▶ **Exercise material**:
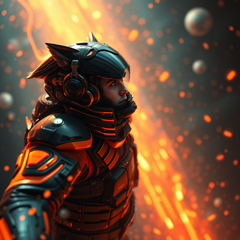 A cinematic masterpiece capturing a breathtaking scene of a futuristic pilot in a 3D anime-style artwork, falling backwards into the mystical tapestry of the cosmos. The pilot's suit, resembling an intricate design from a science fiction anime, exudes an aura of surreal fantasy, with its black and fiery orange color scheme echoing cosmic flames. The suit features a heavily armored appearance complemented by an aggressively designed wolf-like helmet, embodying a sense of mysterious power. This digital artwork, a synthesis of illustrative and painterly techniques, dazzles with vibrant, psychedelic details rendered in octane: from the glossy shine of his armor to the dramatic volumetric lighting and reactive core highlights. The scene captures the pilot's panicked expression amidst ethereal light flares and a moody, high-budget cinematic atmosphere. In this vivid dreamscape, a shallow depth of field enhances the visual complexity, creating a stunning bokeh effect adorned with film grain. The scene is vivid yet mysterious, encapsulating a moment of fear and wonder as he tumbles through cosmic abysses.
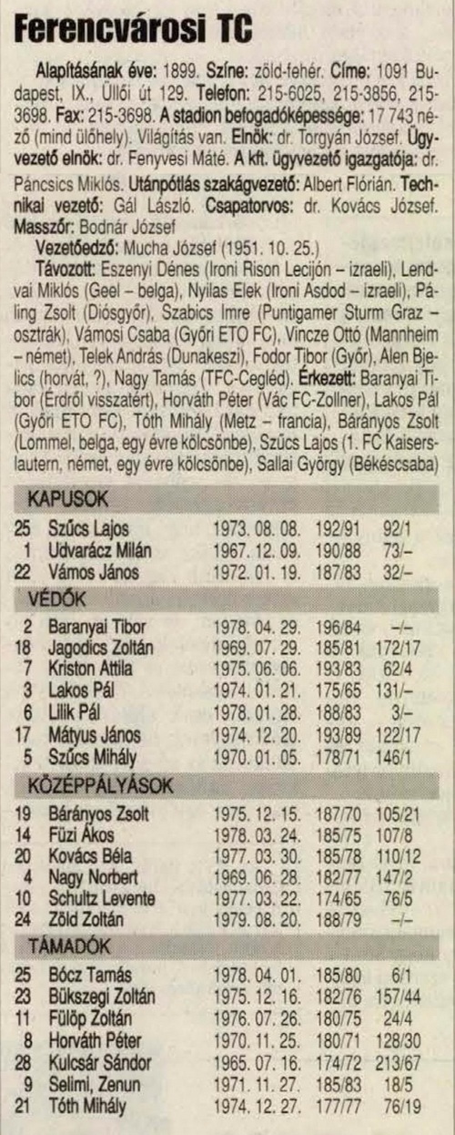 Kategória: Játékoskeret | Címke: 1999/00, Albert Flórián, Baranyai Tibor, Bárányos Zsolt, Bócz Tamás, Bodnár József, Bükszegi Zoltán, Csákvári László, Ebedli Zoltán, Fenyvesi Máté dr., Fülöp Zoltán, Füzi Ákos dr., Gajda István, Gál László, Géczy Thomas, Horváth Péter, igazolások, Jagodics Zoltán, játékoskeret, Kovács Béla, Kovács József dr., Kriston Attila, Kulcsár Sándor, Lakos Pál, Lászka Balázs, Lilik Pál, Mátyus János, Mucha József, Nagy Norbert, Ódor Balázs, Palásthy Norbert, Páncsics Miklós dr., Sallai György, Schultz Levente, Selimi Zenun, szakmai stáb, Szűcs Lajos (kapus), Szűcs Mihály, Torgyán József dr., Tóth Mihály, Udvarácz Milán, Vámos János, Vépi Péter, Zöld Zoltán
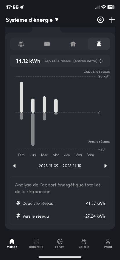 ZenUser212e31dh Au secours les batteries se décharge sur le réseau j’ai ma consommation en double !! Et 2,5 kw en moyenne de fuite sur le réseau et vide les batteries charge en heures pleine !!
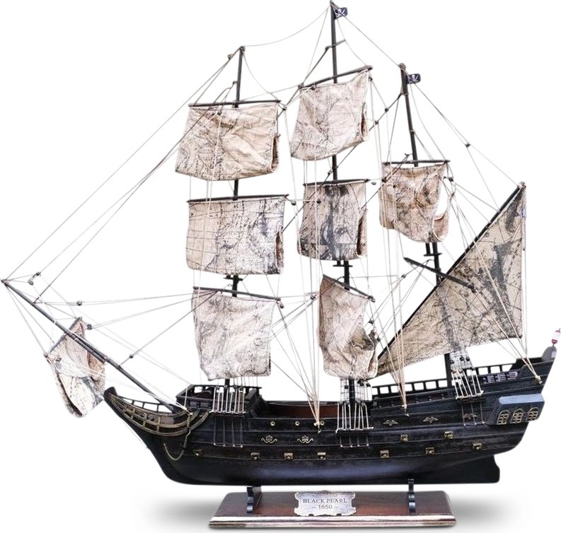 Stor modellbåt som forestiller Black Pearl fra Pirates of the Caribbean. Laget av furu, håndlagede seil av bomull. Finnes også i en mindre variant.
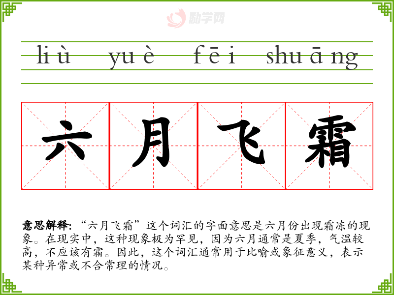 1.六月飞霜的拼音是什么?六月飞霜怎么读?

▶ **How to complete this task**:
Each entry above should be given again exactly, with its pictures omitted.

▶ **Answer for this exercise**:
 A cinematic masterpiece capturing a breathtaking scene of a futuristic pilot in a 3D anime-style artwork, falling backwards into the mystical tapestry of the cosmos. The pilot's suit, resembling an intricate design from a science fiction anime, exudes an aura of surreal fantasy, with its black and fiery orange color scheme echoing cosmic flames. The suit features a heavily armored appearance complemented by an aggressively designed wolf-like helmet, embodying a sense of mysterious power. This digital artwork, a synthesis of illustrative and painterly techniques, dazzles with vibrant, psychedelic details rendered in octane: from the glossy shine of his armor to the dramatic volumetric lighting and reactive core highlights. The scene captures the pilot's panicked expression amidst ethereal light flares and a moody, high-budget cinematic atmosphere. In this vivid dreamscape, a shallow depth of field enhances the visual complexity, creating a stunning bokeh effect adorned with film grain. The scene is vivid yet mysterious, encapsulating a moment of fear and wonder as he tumbles through cosmic abysses.
 Kategória: Játékoskeret | Címke: 1999/00, Albert Flórián, Baranyai Tibor, Bárányos Zsolt, Bócz Tamás, Bodnár József, Bükszegi Zoltán, Csákvári László, Ebedli Zoltán, Fenyvesi Máté dr., Fülöp Zoltán, Füzi Ákos dr., Gajda István, Gál László, Géczy Thomas, Horváth Péter, igazolások, Jagodics Zoltán, játékoskeret, Kovács Béla, Kovács József dr., Kriston Attila, Kulcsár Sándor, Lakos Pál, Lászka Balázs, Lilik Pál, Mátyus János, Mucha József, Nagy Norbert, Ódor Balázs, Palásthy Norbert, Páncsics Miklós dr., Sallai György, Schultz Levente, Selimi Zenun, szakmai stáb, Szűcs Lajos (kapus), Szűcs Mihály, Torgyán József dr., Tóth Mihály, Udvarácz Milán, Vámos János, Vépi Péter, Zöld Zoltán
 ZenUser212e31dh Au secours les batteries se décharge sur le réseau j’ai ma consommation en double !! Et 2,5 kw en moyenne de fuite sur le réseau et vide les batteries charge en heures pleine !!
 Stor modellbåt som forestiller Black Pearl fra Pirates of the Caribbean. Laget av furu, håndlagede seil av bomull. Finnes også i en mindre variant.
 1.六月飞霜的拼音是什么?六月飞霜怎么读?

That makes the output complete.